## Archive for the ‘regression’ tag

## Causation, Correlation, and Instrumentation

One confounding problem in statistics (and life) is distinguishing causation and correlation. Let’s say we can observe two things simultaneously: X and Y. We collect many such observations. We notice that X and Y always move together. When X goes up, Y goes up (and vice versa). When Y goes down, X goes down (and vice versa). We would like to say that X causes Y. That is, we would like to draw a graph as follows, where the arrow indicate the direction of impact: X causes Y.

However, we can’t make that statement (at least not based on these observations) for a few different reasons.

## Reverse Causation

The first is that we only know X and Y move together. It could be that Y in fact causes X. An example would be an alien observing human behavior. The alien notices that days that humans have umbrellas tend to be rainy days. The alien concludes that umbrellas cause rain. Instead of the model of X causing Y, our model is that Y causes X:

Fundamentally, the problem here is Y and X are just things we can observe. We don’t really know which is Y and which is X. Does social media cause anxiety/depression, or are depressed/anxious people more likely to go on social media?

## Hidden Variable

It could also be the case that X and Y both depend on another variable V that we can’t see. Here is an example:

Do churches cause murder? In the 1980s several studies used census data to show that the more churches a city has, the more murders occur in the city each year. With tongue in cheek, the authors claimed to have proved that the presence of churches increases the prevalence of murders. While the data were correct, the conclusion was obviously nonsense. What is the hidden variable here? Larger cities tend to have more of everything, including both churches and murders, so the hidden variable is population size.
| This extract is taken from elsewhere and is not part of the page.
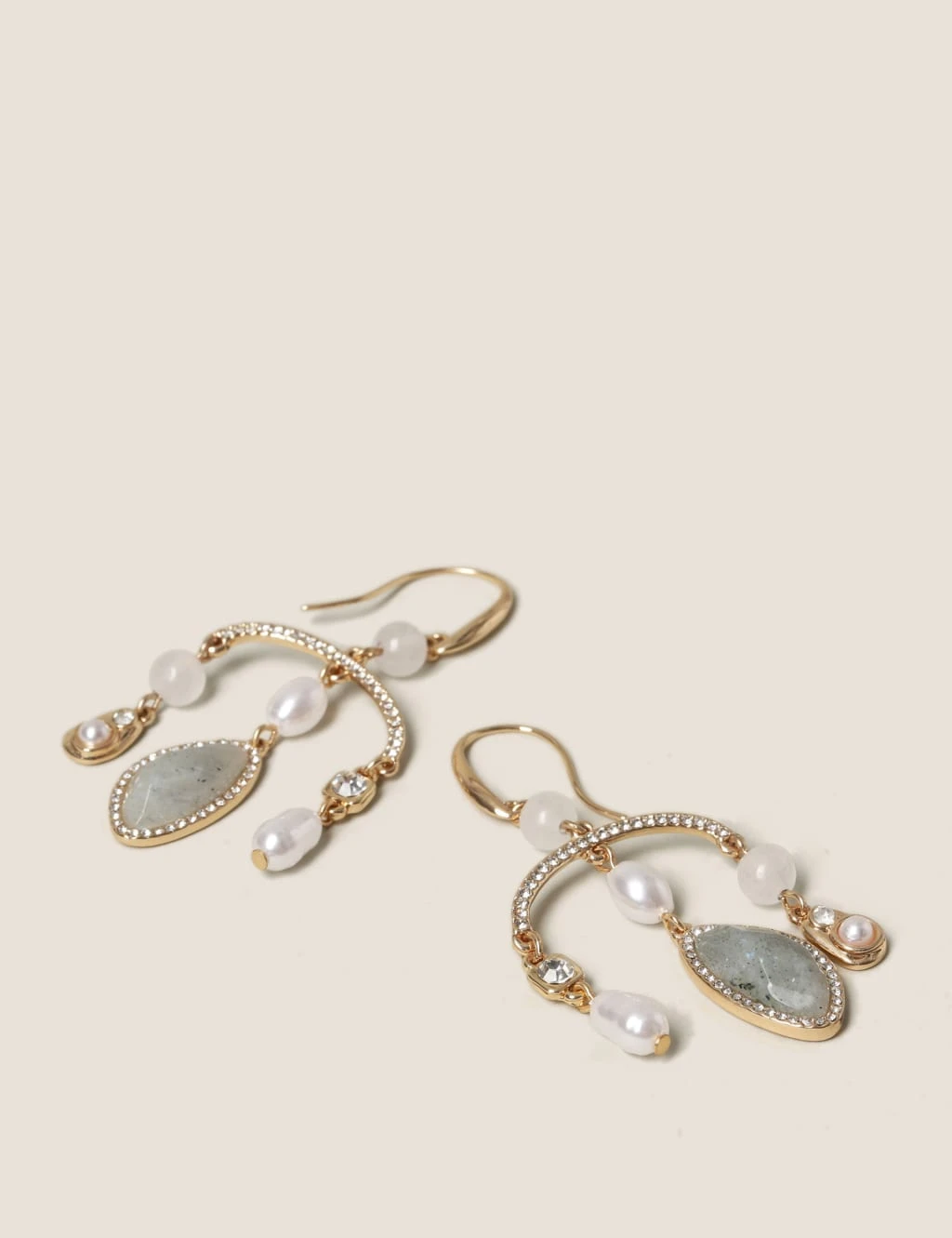 These gold tone Earrings sit in a Mobile style Frame with 3 motifs. The Centre stone is a semi precious stone, that sits in between a single faux pearl and a single white stone
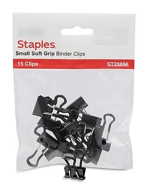 Staples Softgrip Binder Clip, S, Black (15 ct)

Stuart Math – Discovery Project: Causation and Correlation

We have the model below:

In this case, X does not cause Y. And Y does not cause X. V causes both of them. What’s worse, we can never be sure that one or more such variables exist.

## Overall Confounding Model

Putting it all together, we get a model where we can only observe X & Y. X can cause Y and/or Y can cause X (possibly simultaneously). In addition, both X and Y could depend on another variable which we cannot see.

To make things clear, I split out X into two terms: Xc (which does cause Y) and Xu (which is caused by Y). We do not have access to Xu and Xc: they both contribute to X (which we can observe). (In fact, they really don’t exist: they are just a convenient way of splitting X up into two contributors.)

By definition, the hidden variable V is a root cause: it does not depend on anything else,

but both observations (X & Y) depend on it.

What we are after is the term Bc: that tells us what portion of Y depends on X.

## Instrumentation

To do so, we are basically going to cheat: we are going to try to find another variable Z which we can observe.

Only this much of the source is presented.